• Directions
All lines from the entries below that contain the string "Balat" should be copied out.

Records from a data source:
◇ ◇ ◇ ◇
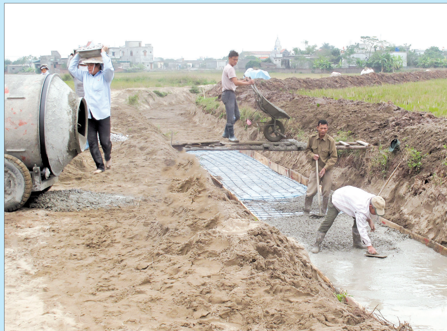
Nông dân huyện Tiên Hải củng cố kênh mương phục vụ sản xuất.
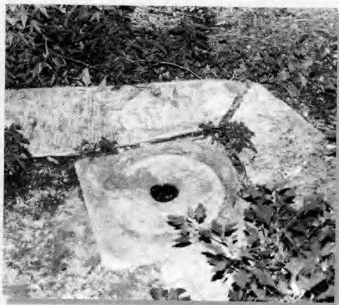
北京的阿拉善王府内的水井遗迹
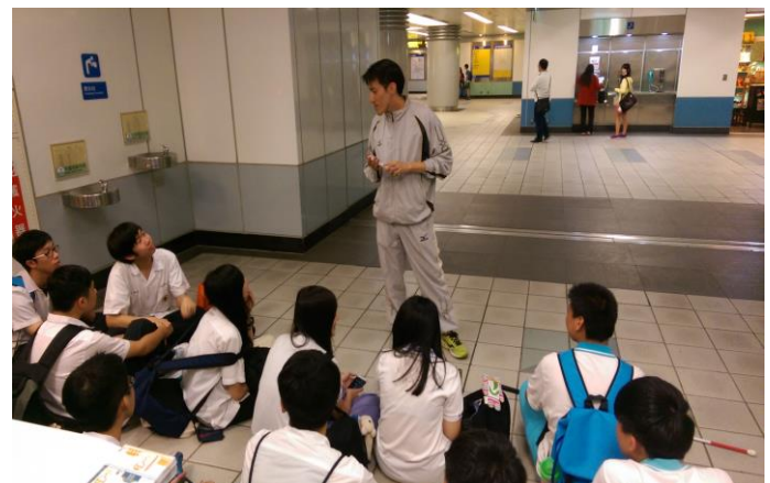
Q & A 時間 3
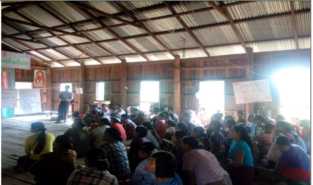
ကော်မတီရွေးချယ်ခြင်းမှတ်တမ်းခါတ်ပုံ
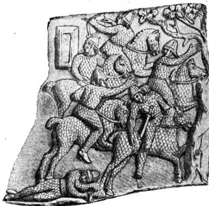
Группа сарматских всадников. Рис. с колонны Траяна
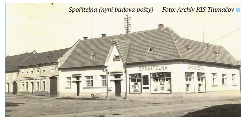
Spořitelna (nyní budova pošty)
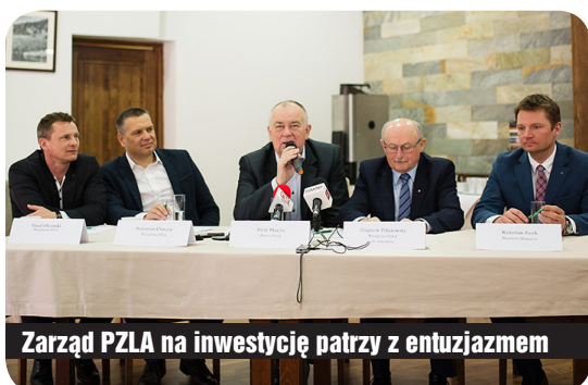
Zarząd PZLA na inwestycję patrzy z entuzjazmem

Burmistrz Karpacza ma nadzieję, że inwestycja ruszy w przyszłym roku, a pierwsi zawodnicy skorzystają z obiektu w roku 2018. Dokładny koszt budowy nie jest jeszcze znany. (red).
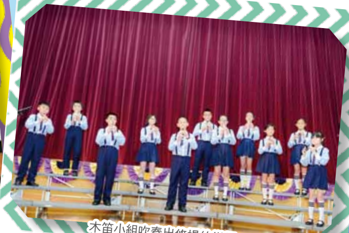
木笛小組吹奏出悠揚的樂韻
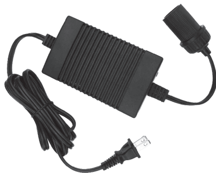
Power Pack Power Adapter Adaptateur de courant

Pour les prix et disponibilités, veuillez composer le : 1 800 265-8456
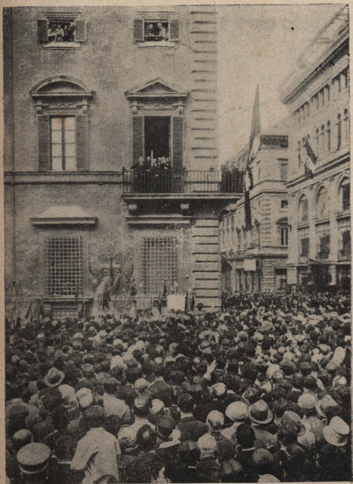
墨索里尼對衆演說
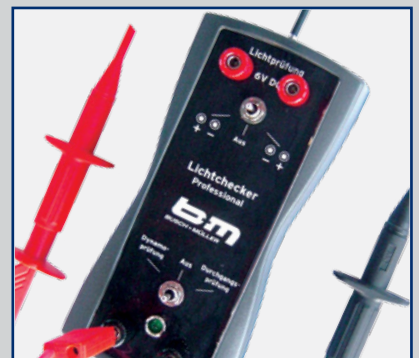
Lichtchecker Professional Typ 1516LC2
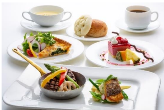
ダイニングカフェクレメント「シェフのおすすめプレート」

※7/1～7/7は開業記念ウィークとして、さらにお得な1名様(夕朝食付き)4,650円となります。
◇ ◇ ◇ ◇
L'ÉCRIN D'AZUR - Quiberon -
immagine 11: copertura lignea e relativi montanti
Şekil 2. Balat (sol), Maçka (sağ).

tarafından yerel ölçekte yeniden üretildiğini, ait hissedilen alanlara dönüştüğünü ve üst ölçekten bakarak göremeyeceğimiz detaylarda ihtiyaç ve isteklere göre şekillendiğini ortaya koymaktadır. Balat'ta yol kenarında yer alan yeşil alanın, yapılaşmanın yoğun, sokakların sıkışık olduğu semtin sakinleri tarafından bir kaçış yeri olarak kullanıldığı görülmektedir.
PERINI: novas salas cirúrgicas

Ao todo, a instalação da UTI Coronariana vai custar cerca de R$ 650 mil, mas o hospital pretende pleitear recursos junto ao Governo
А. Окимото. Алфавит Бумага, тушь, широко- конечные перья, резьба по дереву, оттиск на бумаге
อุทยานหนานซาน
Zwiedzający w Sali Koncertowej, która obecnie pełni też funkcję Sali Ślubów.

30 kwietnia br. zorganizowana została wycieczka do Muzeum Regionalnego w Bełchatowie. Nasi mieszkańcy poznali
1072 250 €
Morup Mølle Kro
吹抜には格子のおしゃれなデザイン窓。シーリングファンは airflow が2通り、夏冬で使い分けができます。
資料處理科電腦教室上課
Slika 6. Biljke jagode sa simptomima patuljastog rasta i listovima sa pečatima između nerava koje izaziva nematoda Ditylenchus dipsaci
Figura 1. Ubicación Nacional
◇ ◇ ◇ ◇
• Answer space
Şekil 2. Balat (sol), Maçka (sağ).
tarafından yerel ölçekte yeniden üretildiğini, ait hissedilen alanlara dönüştüğünü ve üst ölçekten bakarak göremeyeceğimiz detaylarda ihtiyaç ve isteklere göre şekillendiğini ortaya koymaktadır. Balat'ta yol kenarında yer alan yeşil alanın, yapılaşmanın yoğun, sokakların sıkışık olduğu semtin sakinleri tarafından bir kaçış yeri olarak kullanıldığı görülmektedir.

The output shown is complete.